# Refinishing an Oak School Desk- What is the best finish?



## Sumdume (Aug 22, 2010)

I am refinishing an old school desk for a neighbor. I believe it is oak. I had to remove the old finish to remove the crudely drawn items on the desk.
What is the appropriate finish for this type of project?


----------



## mandatory66 (Jul 26, 2012)

If it will be used as a desk again, Wipe on poly. Durable & water resistant.


----------



## Sumdume (Aug 22, 2010)

Thanks


----------



## BillWhite (Jul 23, 2007)

How'd ya get the chewing gum off the bottom? )
Bill


----------



## Rick Dennington (Aug 27, 2009)

If you are taking it back down to the original oak, I would put a sanding sealer on it first, let it dry, sand it with 320 grit, blow it off with compressed air, then put a couple of coats of Watco Danish Oil (clear) on it, sanding in between coats…..After the last coat has dried (I'd wait about 24 hrs.), then I use a clear wipe-on poly, letting each coat dry, then sand in between coats till the last coat is put on…..I'd prolly put about 3-4 coats on. Once the last coat has dried good for about 24 hrs., I then use 600-800 wet/ dry sandpaper with Lemon oil to really give it a good smooth finish….... Here's a picture of a hall table I did, using this method…...It's oak, also….


----------



## Sumdume (Aug 22, 2010)

Thanks Folks, 
I was wondering if I should use shellac because I may not get all of the old finish off of some pieces.
Thankfully someone had already removed the gum. So I did not have to mess up my chisels.


----------



## Sumdume (Aug 22, 2010)

Rick D. The table looks great.


----------



## ClintSearl (Dec 8, 2011)

Forget the twelve step program. Two or three coats of either oil or waterborne poly will produce results just as good. After the first coat, knock down any nibs with 220 paper or maroon scotchbrite, followed by a couple full coats. Finish by rubbing out with 0000 steel wool lubed with paste wax. Polish with an old tee shirt. Have fun.


----------



## Finisherman (May 3, 2013)

Shellac would be an excellent choice for your desk, especially if it's a real antique.
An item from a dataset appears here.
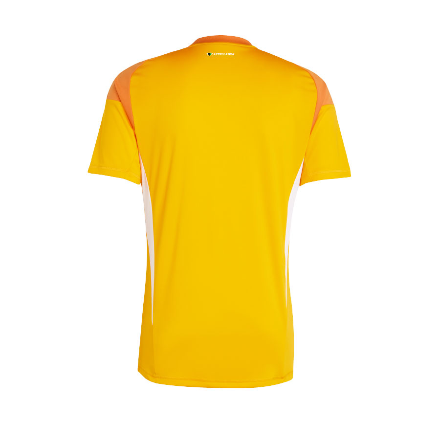Originale maglia Adidas in tessuto Aeroready, sulla manica destra spiccano logo della Lega Nazionale Dilettanti serie D e grafica stilizzata di tre elementi architettonici rappresentativi della città di Castellanza (il campanile chiesa di S. Giulio, arco settecentesco dei platani e ciminiera ex cotonificio Cantoni). Sul retro della maglia la scritta Castellanzese è uno degli elementi di novità delle nuove divise da gara. In evidenza sul petto lato cuore l’immancabile logo USD Castellanzese 1921 .

Is there a reason why you can't get all of the old finish off of some of the parts? In my experience, a methylene chloride based stripper will remove just about any common finish, provided that it's given enough time to do its job.


----------



## Sumdume (Aug 22, 2010)

Thanks Finisherman, 
I am using sand paper and card scrapers to remove the old finish and grime. I am concerned about missing some of the old finish due to the difficulty of getting into all the corners.
I did not even consider using a chemical stripping solution. I think that is because I am too used to sand paper. Besides, I thought strippers worked best on poles. LOL


----------